Selama 100 hari kerja, Sherly dan Sarbin membawa Provinsi Maluku Utara dalam wajah baru. Berbagai perubahan dilakukan oleh Sherly dan wakilnya untuk membangun Provinsi Maluku Utara yang lebih baik.
- Pemberian Dana BOSDA-Beasiswa
Pemprov Malut, di bawah kepemimpinan Sherly Tjoan, mencabut seluruh pungutan uang komite bagi SMA, SMK, dan SLB Negeri. Ia juga mengalokasikan anggaran Rp 34 miliar untuk program Bantuan Operasional Sekolah Daerah (BOSDA).
Kesungguhannya dalam dunia pendidikan dia wujudkan dengan mengalokasikan dana APBD Rp 63,3 miliar untuk merenovasi sebanyak 118 SMA, SMK, dan SLB di Maluku Utara, melalui Dinas Pendidikan. "Karena Kami percaya, di balik seragam sederhana dan langkah kecil menuju sekolah hari ini, sedang tumbuh pemimpin besar Maluku Utara masa depan," ucapnya.

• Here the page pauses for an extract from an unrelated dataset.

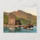 Postcard with a vintage photo lithograph of Carrick Castle in Scotland from 1895 pictures the ivy covered ruins of a red sandstone medieval tower with mountains in the background and a lake with boats in the foreground. Digitally cleaned, enhanced and artistically rendered to resemble pen and ink with watercolors. The 15th century tower house on the west shore of Loch Goil in Argyll, Scotland was reclaimed from the English by Robert the Bruce in 1307. Mary, Queen of Scots, visited in 1563.

Sherly juga menghapuskan biaya uang komite sekolah. Ia menggratiskan uang komite dan ijazah kepada SMA, SMK, dan SLB. Sebanyak 2.330 ijazah yang ditahan sekolah ia kembalikan kepada para siswa.
- Peningkatan Rumah Sakit-Jamkses Gratis
Gebrakan lainnya yang dibuat oleh Sherly adalah dengan melaksanakan proyek pembangunan dua rumah sakit, yakni di Bobong, Pulau Talibu dan Maba, Halmahera Utara. Tak menunggu lama, Sherly melakukan peletakan batu pertama pembangunan peningkatan kelas RSUD Bobong dan RSUD Maba dari tipe D ke tipe C.
- Penanganan Jembatan Putus-Reaktivasi Pelabuhan Sofifi
Sebagai kepala daerah, Sherly juga bergerak cepat merespons bencana yang memutuskan jembatan di Halmahera Utara dan Halmahera Barat, pada 24-25 April 2025 lalu. Pemprov Malut langsung mengalokasikan total Rp 7,3 miliar dari dana BTT untuk penanganan darurat renovasi jembatan.
- 10 Ha Lahan Sekolah Rakyat
Untuk mendukung program pemerintah, Pemprov Maluku juga mewujudkan pembangunan Sekolah Rakyat. Pemprov Maluku menyediakan 10 hektare lahan untuk Sekolah Rakyat.
Konsep Sekolah Rakyat yang merupakan program Kementerian Sekolah, di mana satu sekolah berisi 1.000 anak SD, SMP, dan SMA yang masing-masing 300 siswa. Sekolah Rakyat dengan konsep boarding house di mana anak-anak sekolah, tinggal, dan makan di sekolah tersebut.
- JKK bagi Nelayan hingga Buruh
Pemrov Malut juga memberikan jaminan kecelakaan kerja (JKK) bagi nelayan, buruh, hingga pedagang. Manfaat JKK ini adalah perawatan dan pengobatan tanpa batas biasa di fasilitas kesehatan rujukan BPJS Tenaga Kerja (TK).
Manfaat JKK ini memberikan perlindungan bagi nelayan dari mulai melaut sampai ia pulang bekerja. Tak hanya itu juga, Pemprov Malut juta memberikan beasiswa bagi 2 anak jika peserta meninggal dunia akibat kecelakaan kerja.